8. Household Financial Asset Allocations: We all know by now that equity allocations by households is at/near record highs. But one surprise: cash holdings have jumped and are apparently on par with debt (bonds etc) ...even as cash rates suck (and are even suckier when you consider the real interest rate). Probably an element of booking gains, stimulus payments, and precautionary savings. Recall though: the job of cash is preservation of capital (and optionality) vs generating returns, as such.
9. S&P500 Constituents Return Distribution: I thought this was interesting - especially the tails of the distribution - a lot of heavy lifting being done at the tails. But also that ”s” — tails (i.e. big dispersion between left and right tails).
10. The Five Biggest Stocks: The bigness of the biggest stocks in the index is biggening more bigly. Serious though: the market is increasingly lop-sided, this means diversification may be diminishing as systematic risk will be increasingly driven by specific risk.
Thanks for following, I appreciate your interest!
oh… that’s right, almost forgot!
BONUS CHART >> got to include a goody for the goodies who subscribed.
Trading of Leveraged Equity ETFs: speculation is heating up even further.

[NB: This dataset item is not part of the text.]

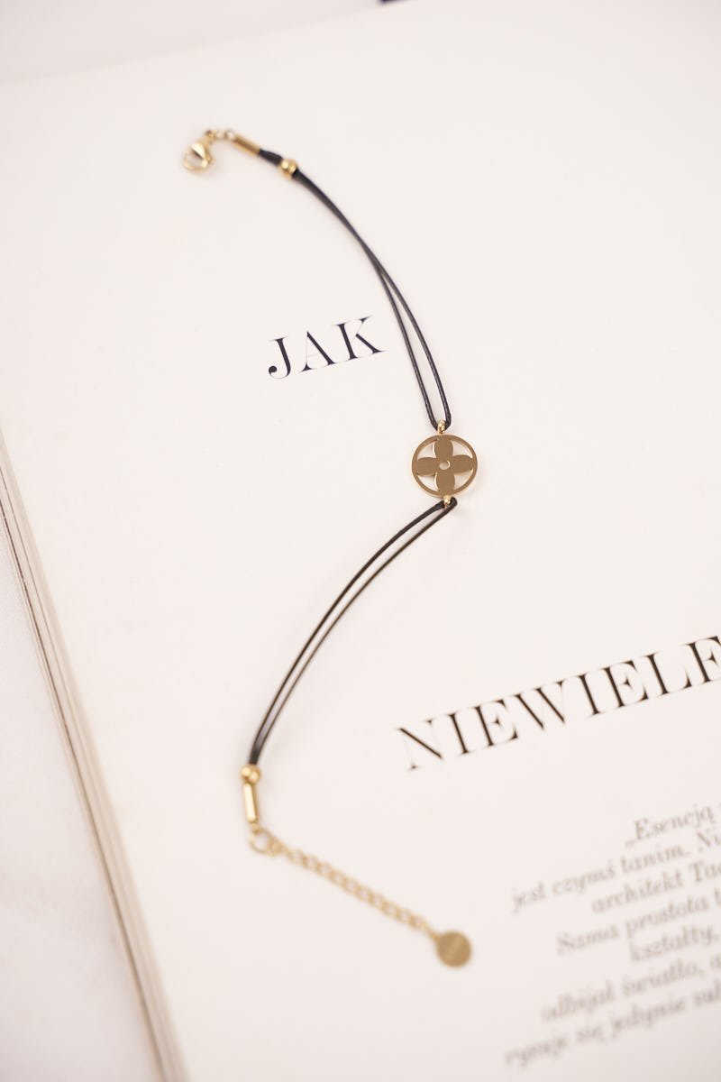 Damska Bransoletka Czarny Sznurek Celebrytka Złota Koniczynka Clara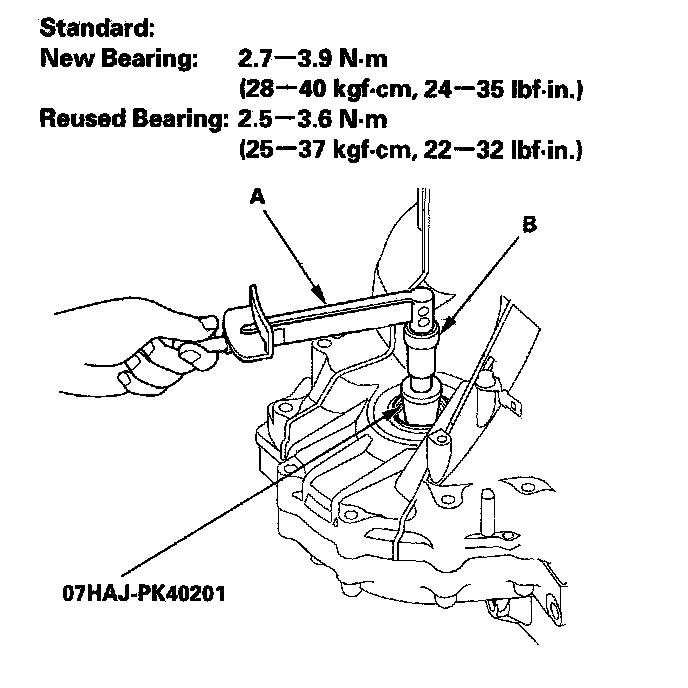 8. Measure the starting torque of the differential assembly in both directions using the preload inspection tool, a torque wrench (A), and a socket (B) at normal room temperature.

This chart shows the ratio of trading volumes of leveraged long vs leveraged short US equity ETFs. It’s basically a sentiment indicator where spikes indicate excessive risk taking on the long side, and plunges indicate a pivot to the bearish side.
Like most sentiment indicators we can interpret it as having contrarian information at extremes: e.g. in March 2020 the indicator plunged as traders lurched to the bearish side, whereas we can count numerous instances where a short-term market peak was foreshadowed by a spike in the indicator.
Problem with that last note is that lately it just keeps going higher. Maybe we’ve just entered into a whole new even more frenzied phase of the bull market.
A related chart also lays it out: leveraged long equity ETF assets under management have shot up 6x since the lows in 2020.
Again it represents a break:: a step-change in speculation.
And all this comes as the Fed begins the process of pulling back on stimulus in the path towards tightening.
Back on that POLR concept, maybe we can add something like: if an object is moving VERY fast then it may only take a slight flick to significantly shift it’s path!
Certainly stuff to ponder as we progress later in the cycle.